In a telephone interview, Ajay J. Kirtane, MD, SM, of Columbia University Medical Center (New York, NY), also highlighted that finding. “It shows that people are actually practicing evidence-based medicine and doing noninvasive testing prior to sending somebody to the cath lab. That’s reassuring,” he told TCTMD.

Dr. Dehmer noted that the argument on behalf of diagnostic angiography is furthered by the study’s observation that 31.5% of people who had CAD had no symptoms. “That’s a little bit worrisome,” he said. “It just points out that our screening tests right now have a lot of imperfections. We’re missing some people.”

Another indication of the limitations of noninvasive tests is that among patients with obstructive disease, more than half had negative results yet were considered high risk according to their Framingham scores. “Right now, risk stratification for coronary artery disease is based on a number of factors, and anatomic delineation is still critical,” said Dr. Kirtane. “What has happened to some extent is that there has been over-reliance on the pure results of stress testing. What we need to focus on is putting all the tests we perform . . . in the appropriate clinical context to then determine how best to treat a patient.”

“A common misperception is that the cath lab equals a stent,” Dr. Kirtane continued. But the reality is that the cath lab process “starts with a diagnostic procedure that then helps you appropriately risk-stratify patients and decide what the next best thing for the patient is, whether that’s medical therapy, PCI, or surgery,” he said, adding that the BARI 2D and COURAGE trials both involved upfront diagnostic angiography prior to treatment.

How to Remedy the Situation

Dr. Patel explained that the current findings speak not so much to what happens in the cath lab as to the decisions beforehand. “Our conclusion has been we need to reconsider how we evaluate and care for the patients before we get them to the cath lab in an elective situation,” he commented.

“Like most interventionalists, I don’t like doing a lot of clean coronary catheterizations. I want to find patients who have obstructive disease that I can help,” noted Dr. Patel, who predicted that there will probably be a “national conversation about how we get people to the cath lab and what the rate of clean cath should be.”

Meanwhile, the National Heart, Lung, and Blood Institute is funding a randomized trial of 10,000 patients. Known as PROMISE (Prospective Multicenter Imaging Study for Evaluation of Chest Pain), the trial will compare CT angiography with functional testing in symptomatic patients without known CAD. “That may be a large study that informs us on how we manage patients [and catheterization] in the future,” said Dr. Patel.

In his editorial, Dr. Brenner also notes that CT angiography may be a “better gatekeeper test” than myocardial perfusion imaging. “In summary, it is impossible to imagine the current practice of medicine without modern-day imaging. It is also axiomatic that, in the final analysis, the clinician is in the best position to assess the imaging needs of his or her patient,” he concludes. “But with so many high-tech imaging tools currently available, it is essential to optimize their use.

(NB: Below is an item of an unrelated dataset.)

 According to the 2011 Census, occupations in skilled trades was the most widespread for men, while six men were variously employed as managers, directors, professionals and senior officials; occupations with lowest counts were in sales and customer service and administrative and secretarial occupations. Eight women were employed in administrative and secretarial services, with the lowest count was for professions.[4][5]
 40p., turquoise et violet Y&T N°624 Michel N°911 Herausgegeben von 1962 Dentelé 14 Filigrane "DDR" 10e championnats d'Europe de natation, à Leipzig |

Clinical-decision guidelines represent a proven methodology in this regard. This is not easy to implement on a national level, but it can be done and it should be done.”

 


Sources:
1. Patel MR, Peterson ED, Dai D, et al. Low diagnostic yield of elective coronary angiography. N Engl J Med. 2010;362:886-895.

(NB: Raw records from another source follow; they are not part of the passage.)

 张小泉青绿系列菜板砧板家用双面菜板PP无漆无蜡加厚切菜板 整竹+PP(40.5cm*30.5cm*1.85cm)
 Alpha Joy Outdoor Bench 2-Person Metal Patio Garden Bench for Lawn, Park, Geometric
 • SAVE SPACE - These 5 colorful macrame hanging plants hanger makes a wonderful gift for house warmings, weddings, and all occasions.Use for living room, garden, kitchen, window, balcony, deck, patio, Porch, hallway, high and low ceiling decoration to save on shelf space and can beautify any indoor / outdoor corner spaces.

2. Brenner DJ. Medical imaging in the 21st century—Getting the best bang for the rad. N Engl J Med. 2010:362:943-945.

 

Disclosures:

  • Dr. Patel reports no relevant conflicts of interest.
  • Disclosures for Dr. Brenner are available online at http://media.nejm.org/GetFile.aspx?Type=Disclosure&DOI=NEJMe1000802.
  • Dr. Kirtane reports receiving consulting fees from Abbott Vascular, Boston Scientific, and Medtronic.
  • Dr. Dehmer reports serving on the National Cardiovascular Data Registry management board.